Solche Fragen stellte sich Amir auch. Schlüssige Antworten gefunden hat er nicht: Er hat letztlich gar keinen Sprachkurs belegt. Die ersten Tage im Heim arbeiteten noch die Erinnerungen der Flucht in ihm. „Den größten Teil der Strecke waren wir im Bus, ich uns sechs andere Personen.“ Die Stationen: aus dem Kurdengebiet in die Türkei, weiter nach Griechenland, über das Mittelmeer nach Italien und nach Deutschland. 8000 Euro kostete das. Die ersten Tage im Heim schwirrte ihm der Kopf, er lag einfach nur auf dem Bett, saß gedankenlos dort und starrte in die Gegend.

Amir betäubt die Langeweile mit Nikotin, er lächelt selten. An diesem Nachmittag hat er Besuch. Suleiman Sofian. Sie trinken Tee zusammen. Sie schenken etwas nach. Drehen sich eine Zigarette. Noch einen Tee für den Gast? Zielloses Warten.

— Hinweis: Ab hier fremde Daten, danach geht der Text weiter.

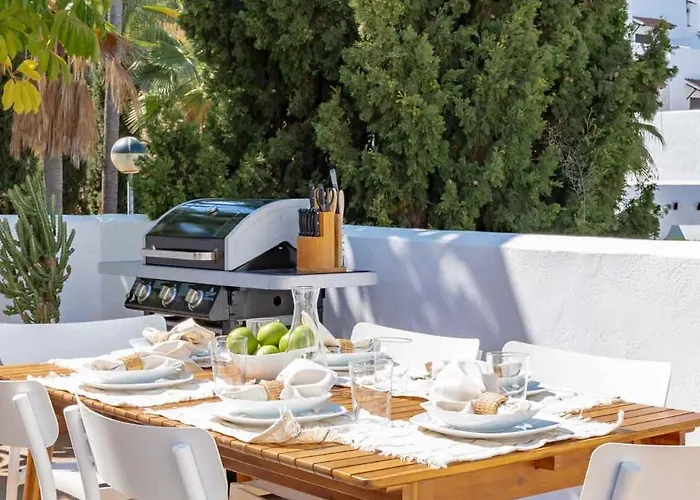 The kitchen amenities at Ultimate Rentals - Charmant Appartement Met Groot Terras In Estepona villa feature an electric kettle, a fridge, and glassware, provided in an outdoor dining area. El Gourmet is a fast food restaurant serving European dishes a short way from the property. Ultimate Rentals - Charmant Appartement Met Groot Terras In Estepona villa is also about a 10-minute stroll from Hacienda Beach bus station.
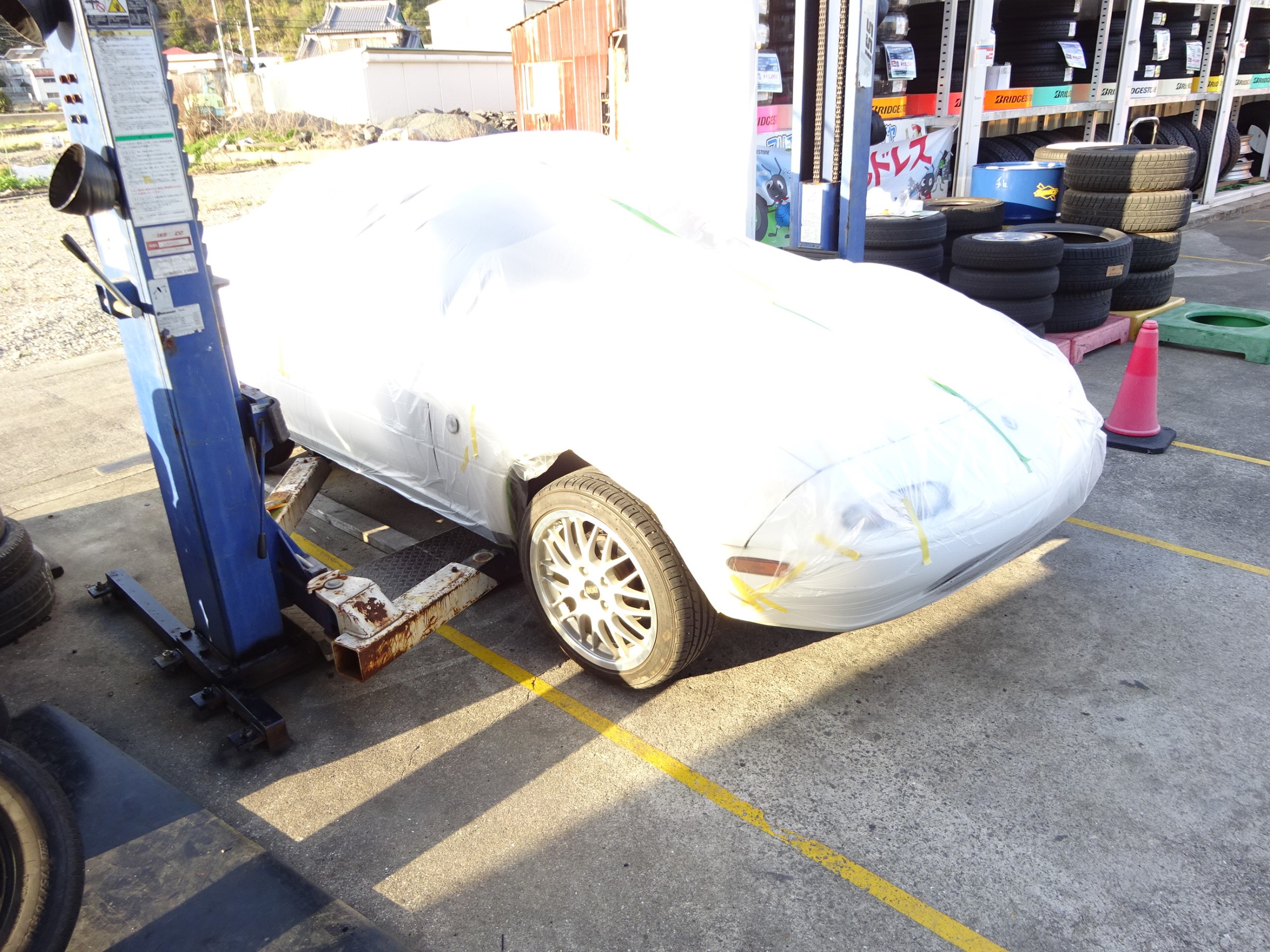 珍しいアルファロメオ ローテーション&バランス調整作業ですが。
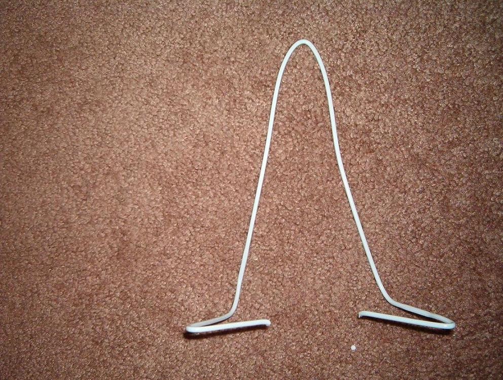 Metal coat hangers. 10 for a dollar at Dollar General. You can't beat 10 cents a piece. Bend them in a V-shape, insert the V into the middle finger, then bend the two ends straight back and make a V out of each to form a base.
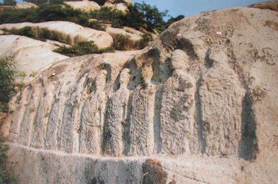 北石北壁上端刻供养人像10身(图八、佛沟摩崖北石北壁),其中男性三身,女性7身,多剥泐不清。
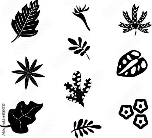 Set of black silhouettes of tropical leaves palm, trees, plants. Vector illustration
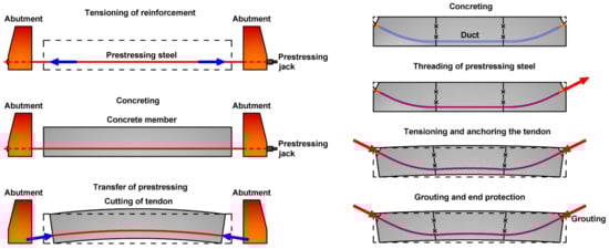 Two main groups of prestressed systems are known—pre-tensioning and post-tensioning (see Figure 1). First, pre-tensioning is a technology based on the tensioning of prestressing steel (e.g., strands, and wires) prior to casting of the concrete and usually is carried out in a factory environment. Prestressing steel is stressed between abutments. In the case of this technology, the prestressing is transferred into to member through the bond between prestressing steel and concrete. The second prestressing technology is called post-tensioning, and it is based on the tensioning of prestressing steel (tendons consisting of numerous strands) after the casting of the concrete member. This technology is usually carried out on-site and offers significant flexibility in terms of a wide range of structures and possible adjustment of tendon profiles (layout). In this case, the prestressing is transferred in the anchorages. Moreover, if the tendon is grouted with cement grout, the prestressing is also transferred via the bond. Post-tensioning can be also applied by internal tendons (part of the cross-section) or by external tendons (connected with the structure only through deviators) [2,4,5,6]. A comparison of both prestressing systems can be seen in Figure 2.
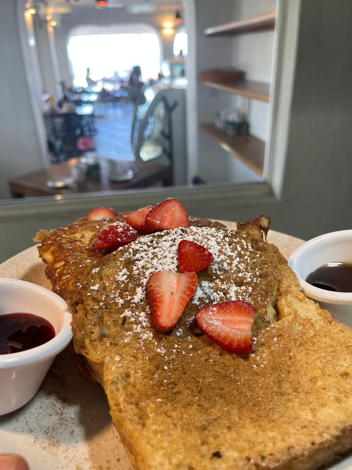 Tres rebanadas de pan hecho en casa, servido con miel maple y mermelada de frutos rojos.

Die Forderungen nach einer Willkommenskultur, die Leistung belohnt, häufen sich. „Da liegt vieles im Argen“, sagt der Heimleiter Karl-Heinz Lubotzki. Seiner Ansicht nach gebe es auf dem Arbeitsmarkt durchaus viele Jobs, die von deutschen Arbeitnehmern nur mit spitzen Fingern angefasst würden.

Bewerbung gescheitert

Allerdings sei die Verwaltung „sehr schwerfällig“. „Ein Unternehmer, etwa ein Gastronom, muss zunächst einen Antrag von der Agentur für Arbeit ausfüllen, wenn er einen Flüchtling für sich arbeiten lassen will“, so Lubotzki. Dieses Papier muss der Arbeitgeber an die Ausländerbehörde schicken. Diese leitet ihn nach einer Prüfung weiter zur sogenannten Zentralen Auslands- und Fachvermittlung der Bundesagentur für Arbeit. „Hier wird überprüft, ob es nicht einen deutschen Langzeitarbeitslosen für den Job gibt.“ Das dauere Wochen, wenn nicht gar Monate. Ein Zeitraum, in dem der Arbeitgeber meist längst jemanden eingestellt hat. Die Konsequenz: Nach Schätzungen des Flüchtlingsrats bekommt nur jeder 13. Flüchtling, der sich um einen Job bewirbt, diesen auch.

„Das Arbeitsverbot muss endlich komplett fallen“, sagt der Heimleiter Lubotzki. Das fordern immer häufiger auch große Unternehmen. „Und die Wege in den Job müssen direkter verlaufen“, so Lubotzki. Amir hat es einmal versucht. Seither, das sagt er nicht, aber das klingt in seinen lustlosen Antworten an, fehlt ihm die Motivation. Er sitzt nun auf der Treppe vor dem Flüchtlingsheim. Die Sonne macht schläfrig. Er bleibt noch sitzen. Warum aufstehen?